In March 2018, we initiated a clinical trial in men with osteoporosis which, if successful, will form the basis of a supplemental NDA seeking to expand the use of TYMLOS to treat men with osteoporosis at high risk for fracture. The study is a randomized, double-blind, placebo-controlled trial that will enroll approximately 225 men with osteoporosis. The primary endpoint is change in lumbar spine BMD at 12 months compared with placebo. In previous clinical trials, TYMLOS has demonstrated increases in BMD in postmenopausal women. The study includes specialized high-resolution imaging to examine the effect of abaloparatide on bone structure, such as the hip, in a subset of the study participants. We expect to report top-line data from the study in the second half of 2021.
In June 2018, the FDA approved a labeling supplement for TYMLOS to revise the needle length in the Instructions for Use from 8 mm to 5 mm. We believe health care providers, specialty pharmacies, and patients may prefer a shorter needle size for injectable products like TYMLOS.
In July 2018, we initiated a bone histomorphometry study to evaluate the early effects of TYMLOS on tissue-based bone remodeling and structural indices in postmenopausal women. Study enrollment is now complete, and we expect to present data from this study in the second half of 2020.
Abaloparatide-patch
We are also developing abaloparatide-patch, based on 3M’s patented Microstructured Transdermal System technology, for potential use as a short wear-time transdermal patch. We hold worldwide commercialization rights to the abaloparatide-patch technology and are developing abaloparatide-patch toward future global regulatory submissions to build upon the potential success of TYMLOS. Our development strategy for abaloparatide-patch is to bridge to the established efficacy and safety of our approved abaloparatide-SC formulation.

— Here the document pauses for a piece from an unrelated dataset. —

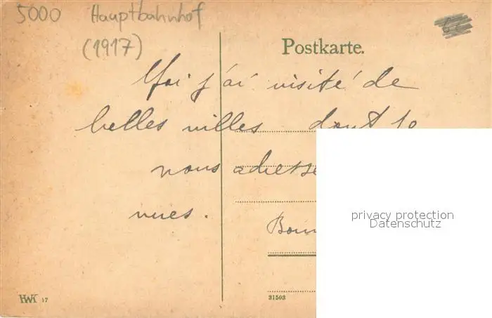 Koeln_Rhein Hauptbahnhof Koeln_Rhein postalisch nicht gelaufen 1917 Erhaltung siehe scans [WerneD78] WernPID7

We commenced a human replicative clinical evaluation of the optimized abaloparatide-patch in December 2015, with the goal of achieving comparability to abaloparatide-SC. In September 2016, we presented results from this evaluation of the first and second abaloparatide-patch prototypes, demonstrating that formulation technology can modify the pharmacokinetic profile of abaloparatide, including Tmax, half-life (“T1/2”), and area under the curve (“AUC”). In March 2018, we announced that through further optimization we had achieved comparability to the abaloparatide-SC profile with a third prototype (the “current abaloparatide-patch”). The current abaloparatide-patch optimized the drug-device combination through process improvements, a finalized formulation, selection of a dose (300 µg), and the introduction of a new clinical applicator, which were designed to improve the ease of use and patient experience. In the second half of 2018, we completed further evaluation confirming that a five minute application of the current abaloparatide-patch to the thigh resulted in a pharmacokinetic exposure highly similar (AUC >90%) to abaloparatide-SC.
In May 2019, we received a special protocol assessment agreement from the FDA for our Phase 3 (wearABLe) study of abaloparatide-patch, which means the FDA considers the study design to be adequate and well-controlled to support marketing approval provided the study endpoints are achieved. We initiated our Phase 3 wearABLe study of abaloparatide-patch in August 2019 and expect to report top-line data from the study in the second half of 2021. The wearABLe study is a single, pivotal, randomized, open label, active-controlled, BMD non-inferiority bridging study with a planned enrollment of approximately 470 patients with postmenopausal osteoporosis at high risk of fracture, which if successful, will support an NDA submission. The primary endpoint of the study is percentage change in lumbar spine BMD at 12 months. Non-inferiority of abaloparatide-patch to abaloparatide-SC will be concluded if the lower bound of the 2-sided 95% confidence interval for the estimated treatment difference (abaloparatide-patch minus abaloparatide-SC) in the percentage change from baseline in lumbar spine BMD at 12 months is above -2.0%. We are implementing a revised enrollment plan for the wearABLe study that includes additional measures and resources intended to improve site recruitment efforts, as well as the addition of clinical trial sites outside the U.S.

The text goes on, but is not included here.